Visit PyMaSC web site for more information and to get human genome mappability tracks.
To estimate mean fragment length for single-ended sequencing data, cross-correlation
between positive- and negative-strand reads is commonly used. One of the problems with
this approach is phantom peak, which is the occasionally observed peak corresponding
to the read length. In the ChIP-Seq guidelines by ENCODE consortia, cross-correlation
at fragment length and read length are used for quality control metrics. Additionally,
library length itself is one of the important parameters for analysises. However,
estimating correct flagment length is not a easy task because of phantom peak occurrence.
P Ramachandran et al. proposed MaSC, mappability-sensitive cross-correlation to
remove the bias caused from ununiformity of mappability throughout the genome. This
method provides cross-correlation landscape without phantom peak and much accurate
mean fragment length estimation.
PyMaSC is a tool implemented by python and cython to visualize (mappability-sensitive)

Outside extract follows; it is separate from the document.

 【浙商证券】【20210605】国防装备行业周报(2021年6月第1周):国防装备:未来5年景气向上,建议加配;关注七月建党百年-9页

cross-correlation and estimate ChIP-Seq quality metrics and mean fragment length with
MaSC algorithm.
Python version 2.7 or >=3.5 are recommended.

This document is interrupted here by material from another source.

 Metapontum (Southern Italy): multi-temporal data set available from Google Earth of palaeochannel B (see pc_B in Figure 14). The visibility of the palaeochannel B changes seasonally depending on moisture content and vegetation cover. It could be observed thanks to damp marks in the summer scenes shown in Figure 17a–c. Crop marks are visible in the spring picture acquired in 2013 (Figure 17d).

C compiler needs to build C sources (recommend GCC).
-
numpy
andpysam==0.15.1
must be installed before installing PyMaSC$ pip install numpy pysam==0.15.1
-
Install PyMaSC from PyPI
$ pip install pymasc
If cython is installed, PyMaSC will be built with Cython native compiled sources instead of pre-compiled C sources.

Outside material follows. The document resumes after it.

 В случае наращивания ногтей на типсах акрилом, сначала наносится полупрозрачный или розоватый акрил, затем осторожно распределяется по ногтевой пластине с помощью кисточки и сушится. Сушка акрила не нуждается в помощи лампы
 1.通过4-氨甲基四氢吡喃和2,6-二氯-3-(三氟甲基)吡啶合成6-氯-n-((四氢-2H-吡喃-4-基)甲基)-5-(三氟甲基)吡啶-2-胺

After installation, PyMaSC provides pymasc
, pymasc-precalc
and pymasc-plot
command.
Note that pymasc-precalc
is not essential to calculate mappability-sensitive
cross-correlation.
pymasc [-h]
[-v {DEBUG,INFO,WARNING,ERROR,CRITICAL}]
[--disable-progress]
[--color {TRUE,FALSE}]
[--version]
[-p PROCESS]
[--successive]
[--skip-ncc]
[--skip-plots]
[-r READ_LENGTH]
[--estimation-type {MEAN,MEDIAN,MODE,MIN,MAX}]
[-l LIBRARY_LENGTH]
[-m REGION_FILE]
[--mappability-stats MAPPABILITY_STATS]
[-q MAPQ]
[-i CHROM [CHROM ...]]
[-e CHROM [CHROM ...]]
[-d MAX_SHIFT]
[--chi2-pval CHI2_PVAL]
[-w SMOOTH_WINDOW]
[--mask-size MASK_SIZE]
[--bg-avr-width BG_AVR_WIDTH]
[-n NAME [NAME ...]]
[-o OUTDIR]
reads [reads ...]
Calculate only naïve cross-correlation for ENCFF000VPI.bam
with max shift size = 1000.
Output files are ENCFF000VPI_stats.tab
, ENCFF000VPI_nreads.tab
, ENCFF000VPI_cc.tab
and ENCFF000VPI.pdf
.
$ pymasc -d 1000 ENCFF000VPI.bam
Calculate both naïve and mappability-sensitive cross-correlation by 4 worker processes.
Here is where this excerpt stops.